Copper-Catalyzed Regioselective Synthesis of (E)-β-Fluorovinyl Sulfones

Abstract

Organofluorine compounds are finding increasing application in a variety of fields such as pharmaceutical, agrochemical, and material sciences. However, given the scarcity of fluorine-containing natural products, advancement in this area depends almost entirely on the development of new synthetic methodologies. In this article, we present the synthesis of a series of previously undescribed (E)-β-fluorovinyl sulfones via a simple copper-catalyzed addition of hydrogen fluoride to alkynyl sulfone starting materials in varying yields and E/Z selectivities. The hydrogenation of these products was also explored and compared with the hydrogenation of the related Z isomers. These new products may find interesting applications, given the versatility of vinyl sulfones in chemical synthesis and the unique properties of vinyl fluorides in biological settings.

1. Introduction

Vinyl sulfones and related compounds are versatile intermediates that lend themselves to a wide variety of processes such as cycloadditions, hydrogenations, and Michael additions [1,2,3]. Fluorovinyl sulfones and derivatives, therefore, possess strong potential as fluorinated building blocks towards more complex fluorinated organic molecules.

Research into such areas represents a key goal in the synthetic community given the scarcity of fluorine-containing molecules in nature, and the prevalence of this capricious element in pharmaceutical, agrochemical and material sciences [4].

Although the synthesis of α-fluorovinyl sulfones is well-documented [5,6,7,8,9,10,11,12,13], the synthesis of the corresponding β isomers is much less so, and very few examples exist for the synthesis of such compounds.

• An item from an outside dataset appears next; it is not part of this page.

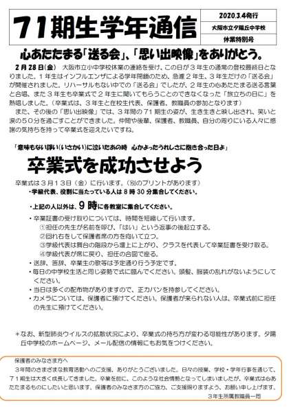 しっかりと読み、卒業式を胸を張って迎えられるようにしましょう。

The first of these was reported just last year when Hammond and co-workers described a gold-catalyzed addition of HF·pyridine to alkynyl sulfone starting materials towards (Z)-β-fluorovinyl sulfones (Scheme 1a) [14]. Almost simultaneously, Berkowitz and co-workers described the use of phenyl 2,2-difluorovinyl sulfone as an electrophile in the synthesis of amino acid derivatives containing a (Z)-β-fluorovinyl sulfone moiety (Scheme 1b) [15]. This report also contained the first example of downstream chemistry using these products. We then described a metal-free and practical synthesis of (Z)-β-fluorovinyl sulfones via the addition of TBAF to alkynyl sulfones, and their subsequent chemoselective hydrogenation to saturated β-fluoroalkyl sulfones (Scheme 1c) [16].

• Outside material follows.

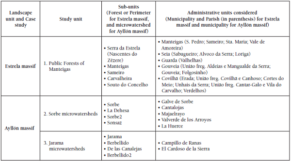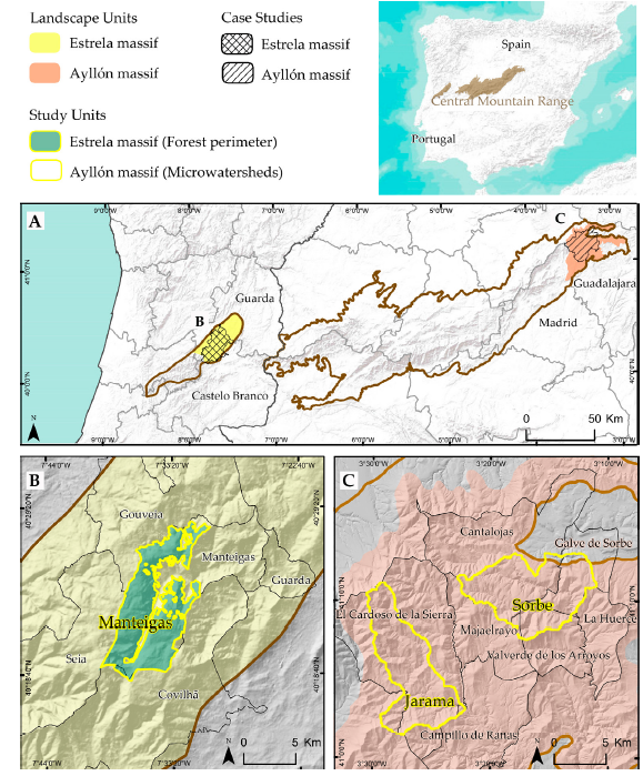 Either end of the Central Mountain System presents dissimilar territorial and social background. Thus, the case studies have been selected based on two main assumptions: territorial specificity and diversity on a local scale (socio-ecological features), and the evidence of fire footprint on the landscape (historical fire records). The national specificities and administrative constraints led to the selection of three study units using different criteria at the respective ends of the natural region (Figure 1): one in Estrela massif (delimited using public forest perimeters) and two in Ayllón massif (delimited using micro- watershed units). The public forest included in the Manteigas study unit, in the Estrela massif, includes the five public forest areas in the municipality of Manteigas in the Guarda district, where the Manteigasforest perimeter is a pioneer in terms of protection and regulation of Portuguese public forests. In theAyllón massif case study, two study units were selected (i.e., Sorbe and Jarama watersheds), which coverseven municipalities within the province of Guadalajara (Table 1). Municipalities were taken as the basicspatial unit for data collection, although in a multi-scale approach considering that the district, regionaland national scale were applied for data processing and analysis. The total area of the Estrela massif casestudy is 58,000 hectares and the total area of the Ayllón massif case study is 63,000 hectares.

Following our interest in this field, herein we report the synthesis of the related (E)-β-fluorovinyl sulfones which, to the best of our knowledge, remain undescribed in the chemical literature (Scheme 1).

2. Results and Discussion

We first began this study looking at the metal-catalyzed addition of a variety of fluoride sources to the alkynyl sulfone starting materials used in our previous publication dealing with the synthesis of the Z isomers [16]. We were surprised to observe small amounts of the elusive E isomers in our crude reaction mixtures, although in most cases with standard gold and silver-based catalysts, the major product was the expected Z isomer (

Table 1. Optimization of the syn-hydrofluorination procedure towards (E)-β-fluorovinyl sulfones ¹.

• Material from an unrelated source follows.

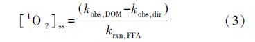 一般采用單線(xiàn)態(tài)氧平衡濃度(singlet oxygen steady-state concentrations,[1O2]ss)對(duì)腐殖酸產(chǎn)生1O2的產(chǎn)量進(jìn)行表征.FFA作為對(duì)1O2的捕獲劑,其降解的快慢可以反映產(chǎn)生1O2的速率.[1O2]ss可由FFA降解速率常數(shù)kobs,DOM和FFA自身光降解速率常數(shù)kobs,dir經(jīng)公式(3)計(jì)算得到.

Entry	[cat.]	[F]	Solvent	T °C	Conv.% 2	E:Z3
1	Ph3PAuMe	HF·DMPU	DCE	70	44	<1:20
2	JohnPhosAuCl	HF·DMPU	DCE	55	58	1:9
3	AgNTf2	3HF·Et3N	DMF	70	55	1:5
4 4	(Ph3P)3CuF·2MeOH	HF·DMPU	THF	70	73	1:1
5 4	(Ph3P)3CuF·2MeOH	3HF·Et3N	THF	70	79	2:1
6 4	(Ph3P)3CuF·2MeOH	3HF·Et3N	Dioxane	70	90	3:1
7 4	(Ph3P)3CuF·2MeOH	3HF·Et3N	Toluene	70	>95	4:1
8 4,5	(Ph3P)3CuF·2MeOH	-	Toluene	70	>95	3:1
9 6	(Ph3P)3CuF	3HF·Et3N	Toluene	70	<10	- 7
10 5,6	(Ph3P)3CuF	-	Toluene	70	>95	1:1
11 8	(Ph3P)3CuF	3HF·Et3N	Toluene	70	>95	3:1

¹ Typical reaction conditions: 1 (0.1 mmol), [cat.] (0.01 mmol), [F] (0.3 mmol), solvent (2 mL). ² Determined by ¹H-NMR of the crude reaction mixture. ³ Determined by ¹⁹F-NMR of the crude reaction mixture. ⁴ Catalyst synthesized as described by Chaudhuri and co-workers [8]. ⁵ 100 mol% of the corresponding copper species was used. ⁶ Commercial catalyst was used as supplied. ⁷ Ratio not determined. ⁸ A mixture of toluene:methanol (20:1) was used as the solvent.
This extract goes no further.